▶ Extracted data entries
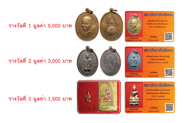 - ท่านสมาชิกทั้ง 3 ท่าน สามารถขอรับรางวัลได้ที่สถาบันการันตีพระ เคาน์เตอร์ ชั้น 5 หรือ โทรแจ้งให้จัดส่งทางไปรษณีย์ได้ที่เบอร์ 02-551-2086 ( ค่าจัดส่ง 100 บาท )
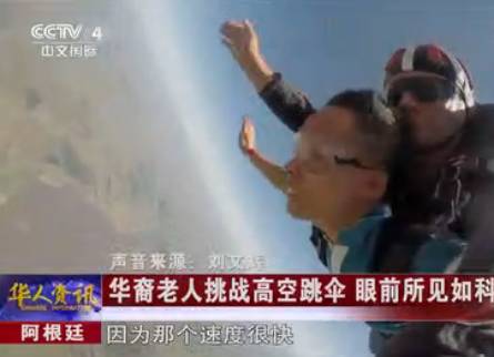 近日,六十八岁的刘文辉在教练的带领下体验了一把高空跳伞,从3000米高空一跃而下,以每小时230公里的速度冲向地面。
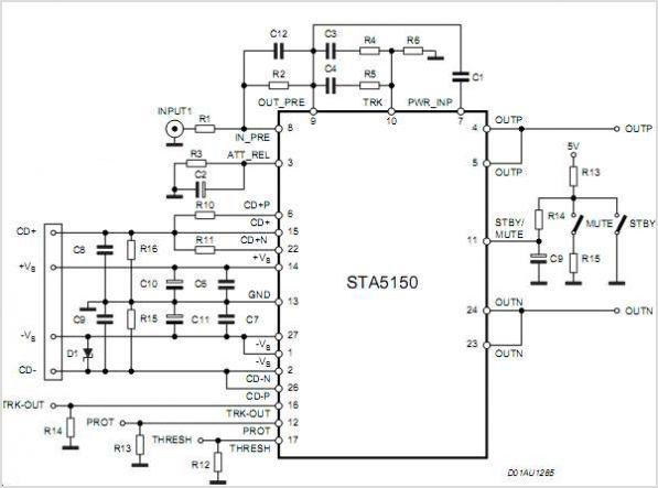 每個(gè)STA5150器件都包括一個(gè)200W的音頻功率放大器通道,這個(gè)放大器主要用于多聲道音響系統(tǒng),如視聽接收機(jī)中常用的5.1聲道環(huán)繞聲,F(xiàn)有其它的配備BASH的音頻功放包括2x100 STA575、2x70W STA550 和可以配置成4x50W 到 2x50W+ 1x100W的四通道功放STA530。這些功放配合一個(gè)數(shù)字處理器STABP01工作,這個(gè)處理器通過從功放級(jí)傳來的參考反饋信號(hào),可以控制一個(gè)降壓變換器,實(shí)現(xiàn)BASH電源電壓變化技術(shù)。
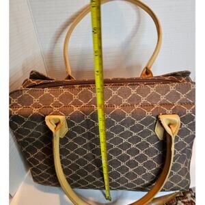 Pierre Cardin Travel Laptop Tote Briefcase Canvas Brown Tan 2 top handles VTG
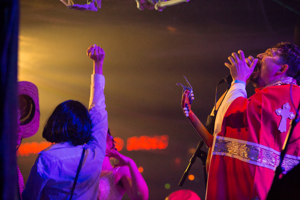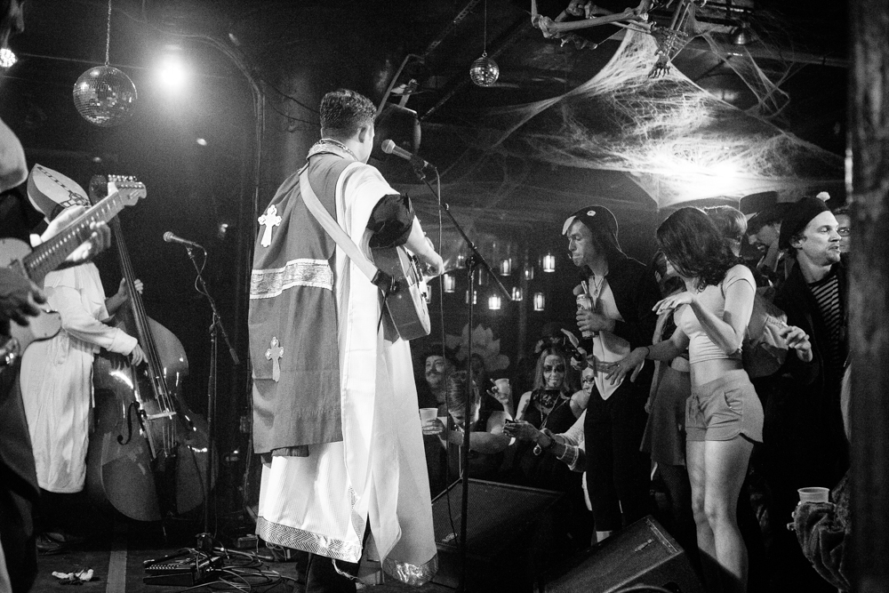 For the 10th anniversary of their version of the Halloween ball, the TJ crew – with rocking Ali Awan and Port Richmond’s Aerosmith cover giants, AEROMINGOSMITH featuring the wild vocal stylings of Ali Wadsworth as their guests – its 2019 iteration, at Johnny Brenda’s is part dress-up ball-turned-séance- turned gooey, messy bloodbath. (Think the bucket scene from Carrie with guys with beards) with a big hint of Rosemary’s Baby in the mix.

▶ Work request
Leaving aside the images, write out every entry above exactly.

▶ Your response
 - ท่านสมาชิกทั้ง 3 ท่าน สามารถขอรับรางวัลได้ที่สถาบันการันตีพระ เคาน์เตอร์ ชั้น 5 หรือ โทรแจ้งให้จัดส่งทางไปรษณีย์ได้ที่เบอร์ 02-551-2086 ( ค่าจัดส่ง 100 บาท )
 近日,六十八岁的刘文辉在教练的带领下体验了一把高空跳伞,从3000米高空一跃而下,以每小时230公里的速度冲向地面。
 每個(gè)STA5150器件都包括一個(gè)200W的音頻功率放大器通道,這個(gè)放大器主要用于多聲道音響系統(tǒng),如視聽接收機(jī)中常用的5.1聲道環(huán)繞聲,F(xiàn)有其它的配備BASH的音頻功放包括2x100 STA575、2x70W STA550 和可以配置成4x50W 到 2x50W+ 1x100W的四通道功放STA530。這些功放配合一個(gè)數(shù)字處理器STABP01工作,這個(gè)處理器通過從功放級(jí)傳來的參考反饋信號(hào),可以控制一個(gè)降壓變換器,實(shí)現(xiàn)BASH電源電壓變化技術(shù)。
 Pierre Cardin Travel Laptop Tote Briefcase Canvas Brown Tan 2 top handles VTG
 For the 10th anniversary of their version of the Halloween ball, the TJ crew – with rocking Ali Awan and Port Richmond’s Aerosmith cover giants, AEROMINGOSMITH featuring the wild vocal stylings of Ali Wadsworth as their guests – its 2019 iteration, at Johnny Brenda’s is part dress-up ball-turned-séance- turned gooey, messy bloodbath. (Think the bucket scene from Carrie with guys with beards) with a big hint of Rosemary’s Baby in the mix.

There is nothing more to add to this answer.